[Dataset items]
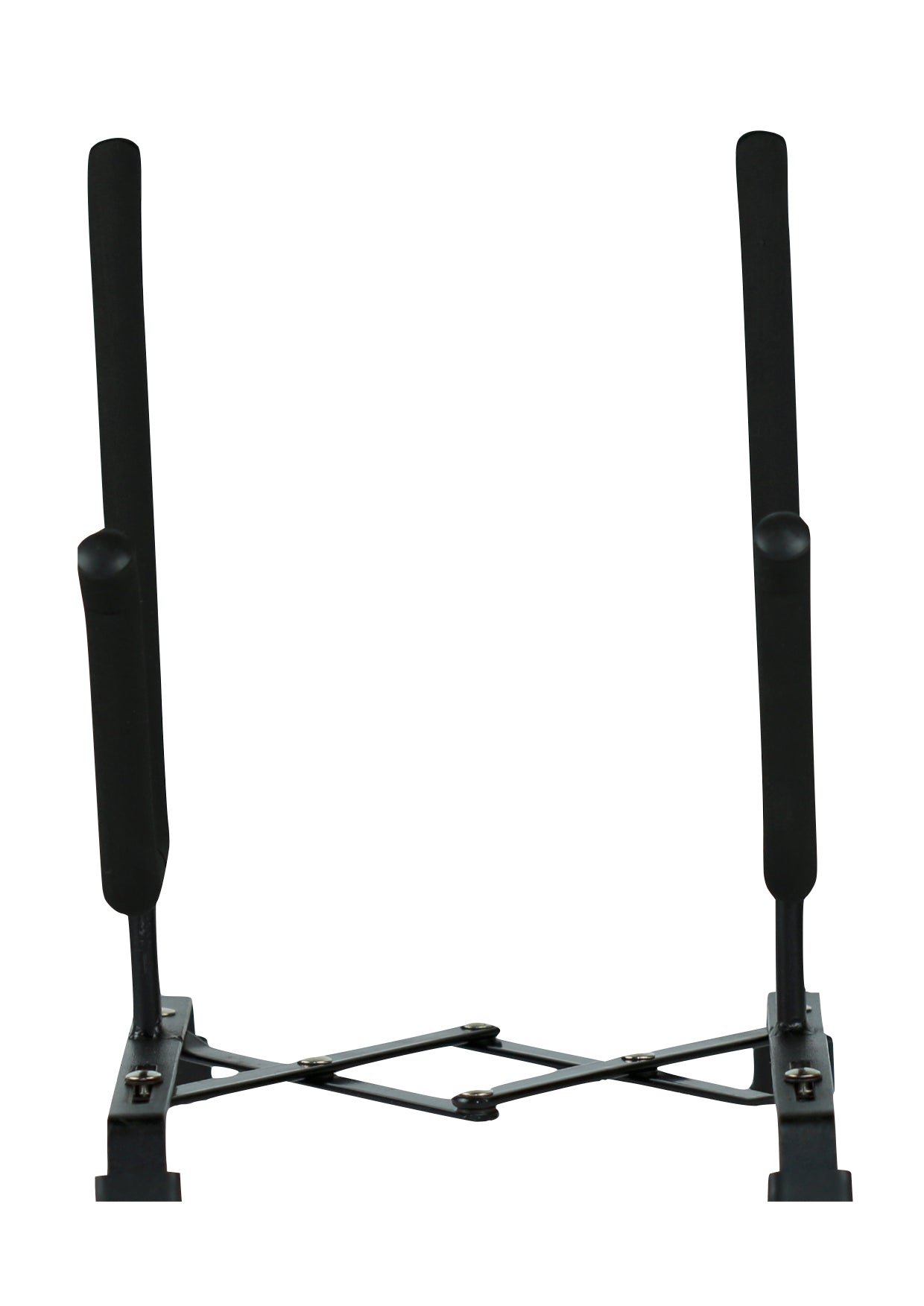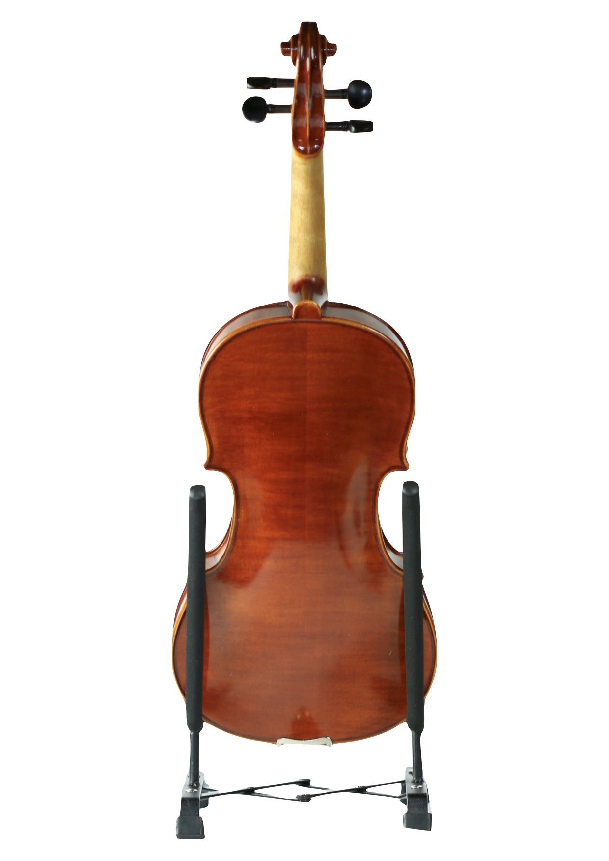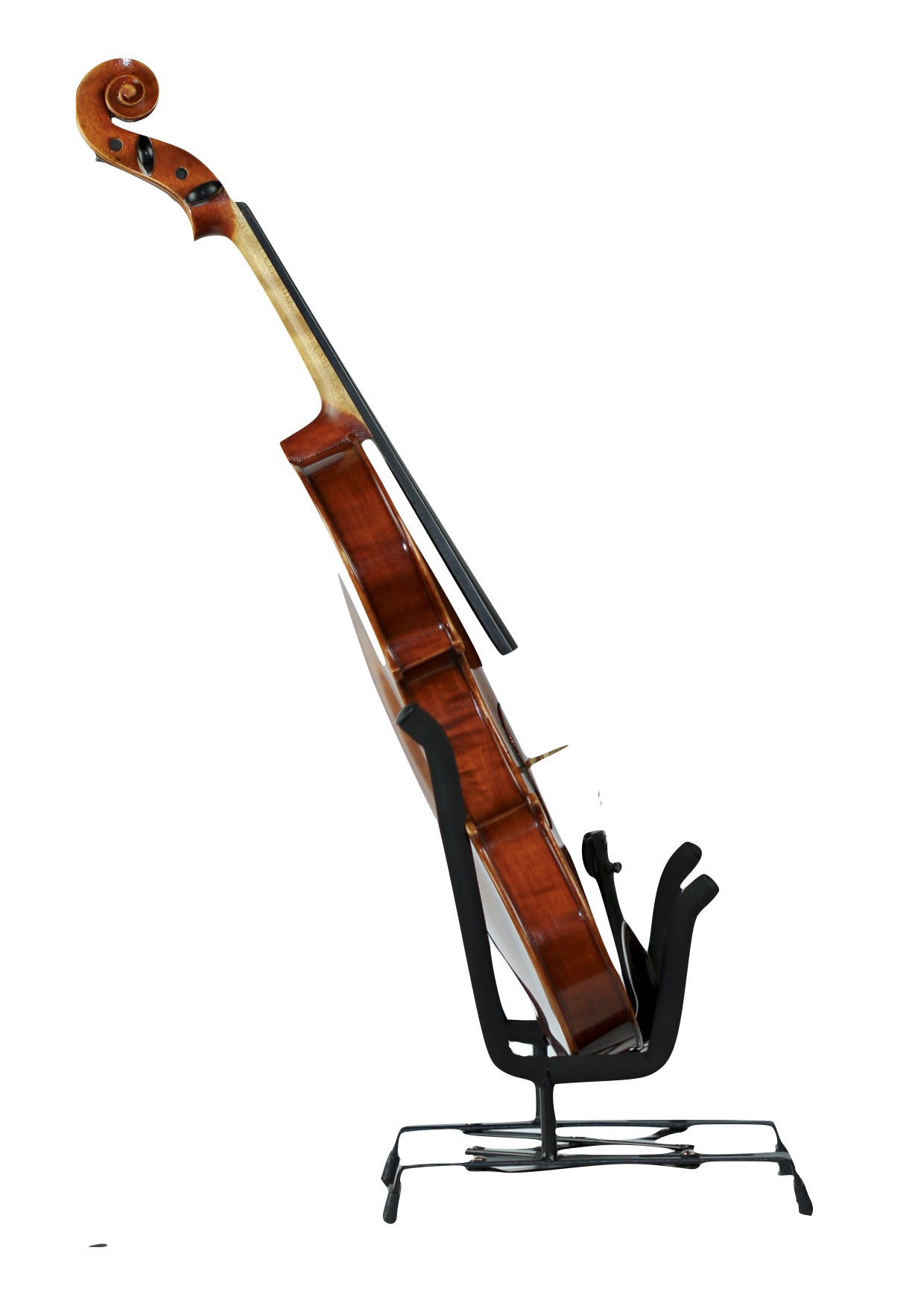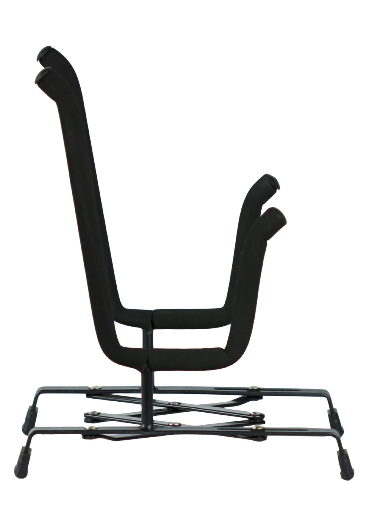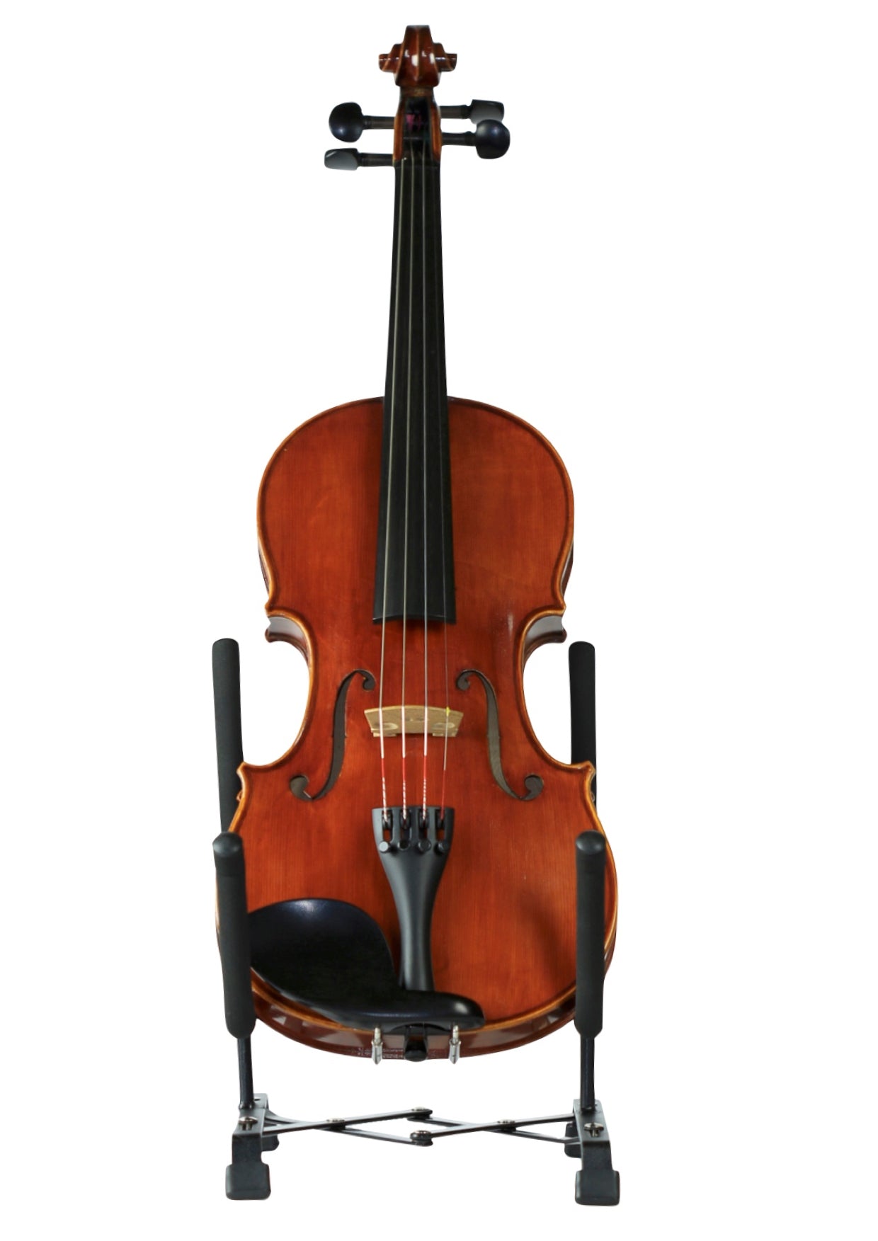 Black metal violin/viola display stand that expands to fit all instrument sizes.
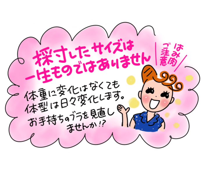 ブラは初来店される約7割の人が自分に合っていないものを着けていらっしゃいます~間違ったブラ選びは、余分なはみ出し肉を作ってしまう原因にもなるんですよ。 自分に合った採寸は一人でも出来ますが、その場合は前かがみになってしまうため、正確なサイズが測れないことが多いのです。 また、サイズが合っていても、バストの形によりブラのデザインを選ぶことも大切なんです。オシャレは足元からと言いますが、ホントのオシャレさんはランジェリーからではないでしょうか。
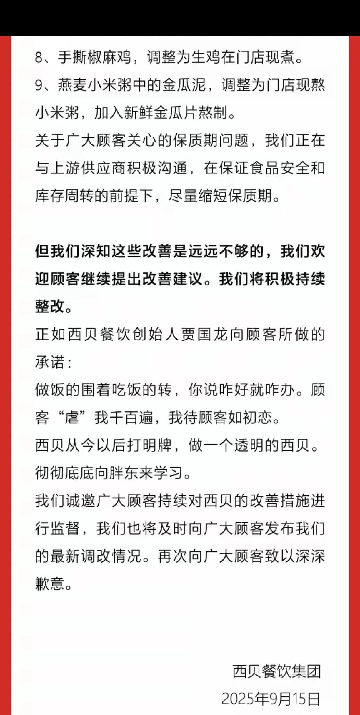 西贝致歉信来了
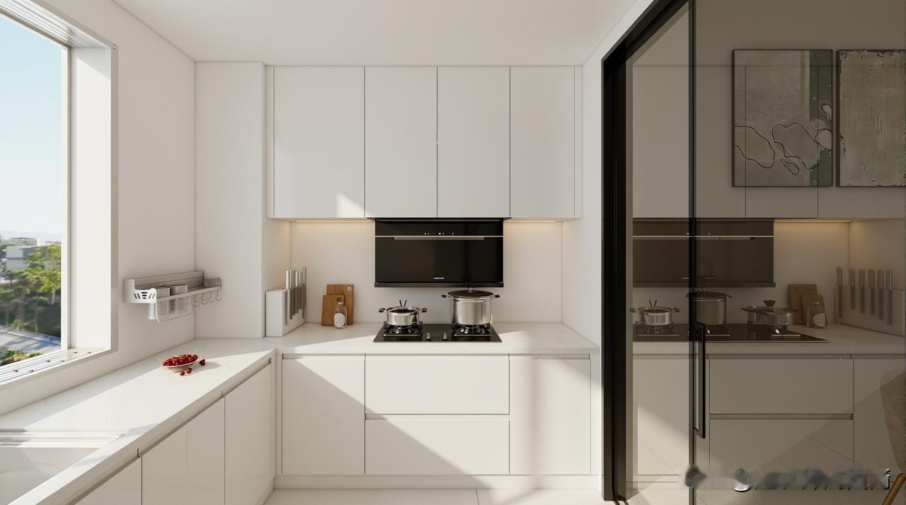 分享我这周有趣的事: 自建现代别墅之厨房室内设计分享:原则上就是简洁干净大气,与外立面的气质匹配。
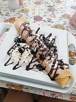 Une crêpe dentelle est une crêpe bretonne très fine, roulée sur elle-même et croustillante.
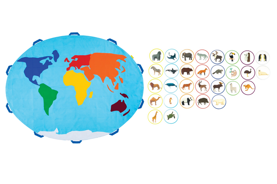 Nasza chusta edukacyjna mapa świata to wyjątkowe narzędzie, łączące edukację z zabawą. Chusta w kształcie elipsy, obszyta jest wytrzymałą taśmą nośną i posiada 10 wzmacnianych uchwytów, które rozszerzają możliwości animacji i zabaw. Może być używana jako mata rozłożona ziemi, jak i typowa chusta animacyjna. Dzięki uchwytom łatwo trzymać chustę w dłoniach lub przymocować matę do podłoża, a dodatkowe wzmocnienie materiałem zwiększa jej trwałość.
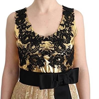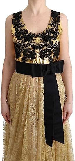 Dolce & Gabbana Gold Black Floral Lace Dress
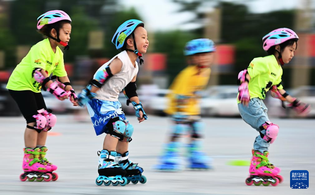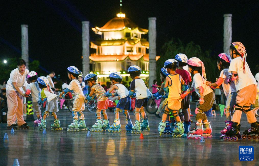 7月12日,在湖南省永州市道县周敦颐广场,孩子们在老师的指导下学习轮滑。
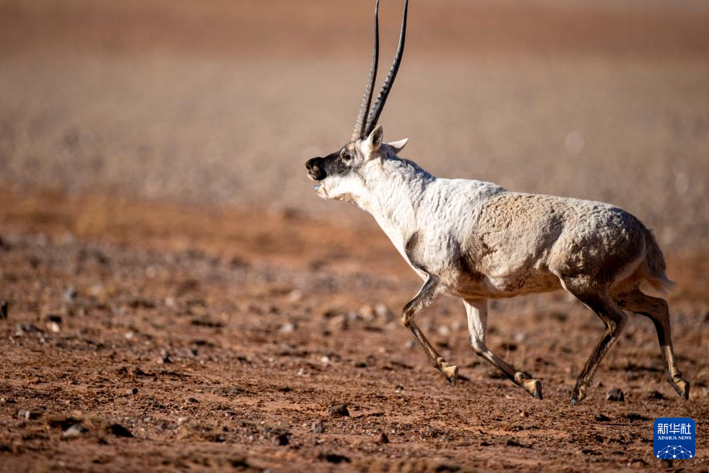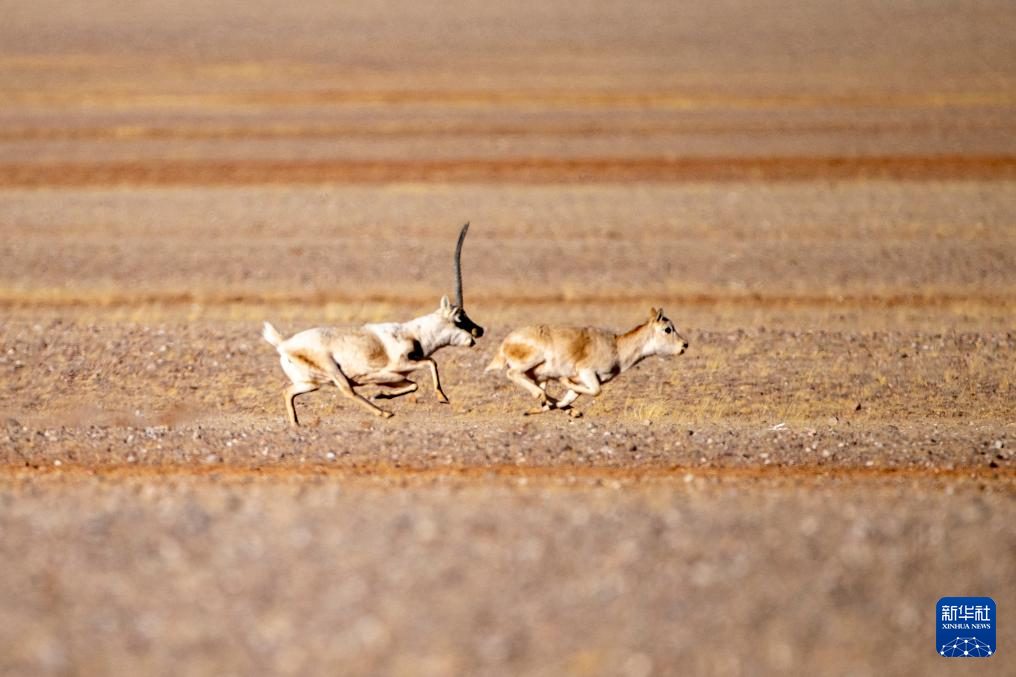 在羌塘國(guó)家級(jí)自然保護(hù)區(qū),一只雄性藏羚羊在奔向雌性(12月16日攝)。新華社記者 姜帆 攝
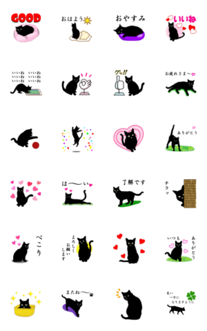 毎日使えるクールな黒猫シリーズのアニメーション編。家族・友達・大人・誰でも使いやすいです。気持ちもシンプルに表現してトークを盛り上げてください♪YUI.A より発売
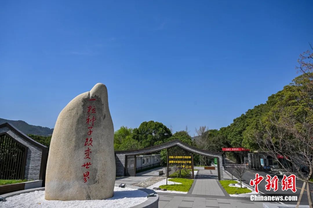 一顆標(biāo)有“一粒種子 改變世界”紅色大字的稻米石頭高高聳立在安江農(nóng)校紀(jì)念園門口。潘雨 攝

### [Task item]
In the entries above, find the line containing "7月12日,在湖南省永州市道县周敦颐广场,孩子们在老师的指导下学习轮滑。"; transcribe exactly that line and every line after it through the end, and only those, omitting pictures.

### [Solution to the problem]
 7月12日,在湖南省永州市道县周敦颐广场,孩子们在老师的指导下学习轮滑。
 在羌塘國(guó)家級(jí)自然保護(hù)區(qū),一只雄性藏羚羊在奔向雌性(12月16日攝)。新華社記者 姜帆 攝
 毎日使えるクールな黒猫シリーズのアニメーション編。家族・友達・大人・誰でも使いやすいです。気持ちもシンプルに表現してトークを盛り上げてください♪YUI.A より発売
 一顆標(biāo)有“一粒種子 改變世界”紅色大字的稻米石頭高高聳立在安江農(nóng)校紀(jì)念園門口。潘雨 攝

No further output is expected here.